Mlima’s Tale unfolds with the directness and simplicity of a child’s bedtime story. Yet it is the grimmest of Grimm tales.
Playwright Lynn Nottage takes as her theme the illegal trade in ivory which is driving Africa’s elephant population to the verge of extinction. As we learn from a Kenyan conservationist in the course of the play: “Ivory trafficking has decimated our elephant population. 45 years ago there were 1.3 million elephants roaming the plains and forests of Africa, today there are less than 400,000…There are more elephants being killed than being born…”

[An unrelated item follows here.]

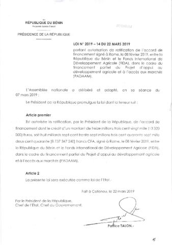 LOI N°2019-14 DU 22 MARS 2019

This play, in 16 short scenes, is an eloquent and emotional explanation of how that can possibly be. It begins, in Miranda Cromwell’s assured and imaginative production, with the elephant itself. Ira Mandela Siobhan stands on a moving platform and tells of his historic legacy, his life on the savannah, and of his final demise.
This powerful animal, one of the last “big tuskers”, is being hunted by Somali poachers who seek to make their own fortune and feed their families from the sale of his perfect ivory tusks. From there, Nottage tracks the layers of greed that bypass the ban meant to protect the elephants, tracing a line of corruption that extends from the police chief and regional wardens who encourage and benefit from the trade, to the powerless conservationist, to the Chinese ivory carver, proud of an ancient craft, and the modern art buyer anxious for a statement piece to embellish their new apartment.

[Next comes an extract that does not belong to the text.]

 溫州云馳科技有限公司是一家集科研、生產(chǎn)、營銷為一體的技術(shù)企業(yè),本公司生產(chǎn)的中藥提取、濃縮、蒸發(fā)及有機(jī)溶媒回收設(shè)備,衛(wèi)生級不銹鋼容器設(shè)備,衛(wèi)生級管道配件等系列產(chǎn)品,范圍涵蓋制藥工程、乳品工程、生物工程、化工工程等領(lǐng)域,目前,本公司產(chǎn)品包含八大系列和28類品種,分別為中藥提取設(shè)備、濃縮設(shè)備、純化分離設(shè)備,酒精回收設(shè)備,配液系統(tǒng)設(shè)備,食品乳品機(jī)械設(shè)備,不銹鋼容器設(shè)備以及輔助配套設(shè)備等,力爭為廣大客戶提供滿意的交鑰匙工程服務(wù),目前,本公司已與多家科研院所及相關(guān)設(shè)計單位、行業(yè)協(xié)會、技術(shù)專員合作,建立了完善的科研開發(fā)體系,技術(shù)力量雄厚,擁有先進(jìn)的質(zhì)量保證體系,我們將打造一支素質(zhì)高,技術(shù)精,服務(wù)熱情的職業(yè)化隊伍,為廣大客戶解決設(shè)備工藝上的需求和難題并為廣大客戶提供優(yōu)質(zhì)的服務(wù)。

As Mlima’s tusks pass through each set of hands, Mlima himself appears, his body streaked with glistening white, and he passes the taint of the crime onto each participant in this evil daisy chain, marking their face or their clothes with the ivory stain.

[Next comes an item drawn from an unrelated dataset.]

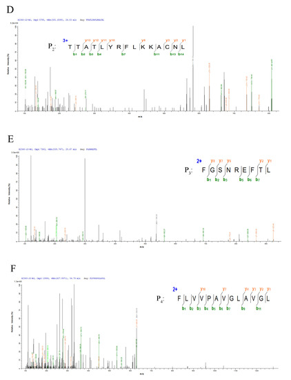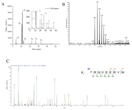 As shown in Figure 1, the liquors collected at an earlier distillation time (5–30 min) and in the head liquor or heart liquor presented unfavorable separation efficiency using reverse phase high-performance liquid chromatographic (RP-HPLC), suggesting complicated compositions of these liquors. Furthermore, the amino acid sequences of endogenous peptides in the head liquor, heart liquor, and tail liquor were identified using LC-MS/MS accompanied by the de novo sequencing method [17]. Under LC-MS/MS conditions, peptides are usually protonated, and the cleavage mainly occurs on amide bonds because it is difficult for other chemical bonds of side chains to break at low energy. Therefore, b and y ions are the dominant fragment ions when the collision energy is below 200 eV. Therefore, the ion fragment of the mass spectrogram obtained mainly consists of b and y ions. Ten peptides were found in the head liquor (Table S1), 16 in the heart liquor (Table S2), and 146 in the tail liquor (Table 1). The separation chromatogram and identification mass spectrogram of the head liquor are shown in Figures S1A and B, respectively. Two peptides with the amino acid sequences of Ser-Thr-Leu-Val-Gly-His-Asp-Thr-Phe-Thr-Lys (STLVGHDTFTK, RT:18.91 min, m/z:602.81; Figure S1C) and Ala-Glu-Gly-Ala-Leu-Met-Ala-Val-Gly-Asn-Ala-Glu-Ser-Arg (AEGALMAVGNAESR, RT:56.11 min, m/z:1375.67; Figure S1D) were screened according to the confidence scores (>60). Four superior peptides, including Thr-Arg-Pro-Pro-Arg-Glu-Glu-Glu-Leu-Arg (TRPPREEELR, RT:18.19 min, m/z:427.57; Figure S2C), Arg-His-Val-Arg-Pro-Gly-Thr-Val-Ala-Leu-Arg (RHVRPGTVALR, RT:23.22 min, m/z:420.59; Figure S2D), Val-Tyr-Thr-Thr-Lys-Trp-Pro-Glu-Val-Leu-Arg (VYTTKWPEVLR, RT:29.96 min, m/z:463.92; Figure S2E), and Val-Val-Tyr-Glu-Ser-Ala-Val-Gly-Asn-Ala-Glu-Ser-Arg (VVYESAVGNAESR, RT:56.16 min, m/z:1380.68; Figure S2F), were screened from the heart liquor, corresponding to P1, P2, P3 and P4 in Figure S2A, respectively. As shown in Figure 2, four peptides corresponding to the four peaks (P1, P2, P3 and P4) of the tail liquor were identified as Thr-Arg-Gln-Val-Glu-Glu-Arg-Val-Trp (TRQVEERVW, RT:14.43 min, m/z:400.88), Thr-Thr-Ala-Thr-Leu-Tyr-Arg-Phe-Leu-Lys-Lys-Ala-Cys-Asn-Leu (TTATLYRFLKKACNL, RT:24.03 min, m/z:291.81), Phe-Gly-Ser-Asn-Arg-Glu-Phe-Thr-Leu (FGSNREFTL, RT:24.03 min, m/z:291.81), and Phe-Leu-Val-Val-Pro-Ala-Val-Gly-Leu-Ala-Val-Gly-Leu (FLVVPAVGLAVGL, RT:54.79 min, m/z:627.39), respectively.

Cromwell and her movement director Shelley Maxwell have devised for Siobhan (who is credited as an assistant movement director) motions that conjure the spirit and beauty of an elephant without ever attempting to mimic its actual shape. Helped by Amelia Jane Hankin’s set of curtains and an overhanging bundle in grey plastic that seems to be in the shape of an elephant’s head, he creates an accusatory power by the force of his silent actions.
When his body lies prone over a Vietnamese trader’s chair, and the script talks of his beauty, the production makes a visceral link between our humanity and our cruelty to the animals around us. It is an extraordinary image, designed to stir up anger and revulsion.
Sometimes Nottage’s almost poetic writing tips into polemic, revealing its origins in a long piece of reportage on the plight of the elephants; sometimes it slows things down. But the four cast members who take on multiple roles – Gabrielle Brooks, Brandon Grace, Natey Jones and Pui Fan Lee – are exceptionally clever at keeping up the momentum, endowing each character they play with enough characteristics to make each scene spring to vivid life.
In this way, the entire production perfectly serves a narrative that ends up making you furious as well as sad, an unbearable play for today that is unfortunately only too real to be a fairy tale.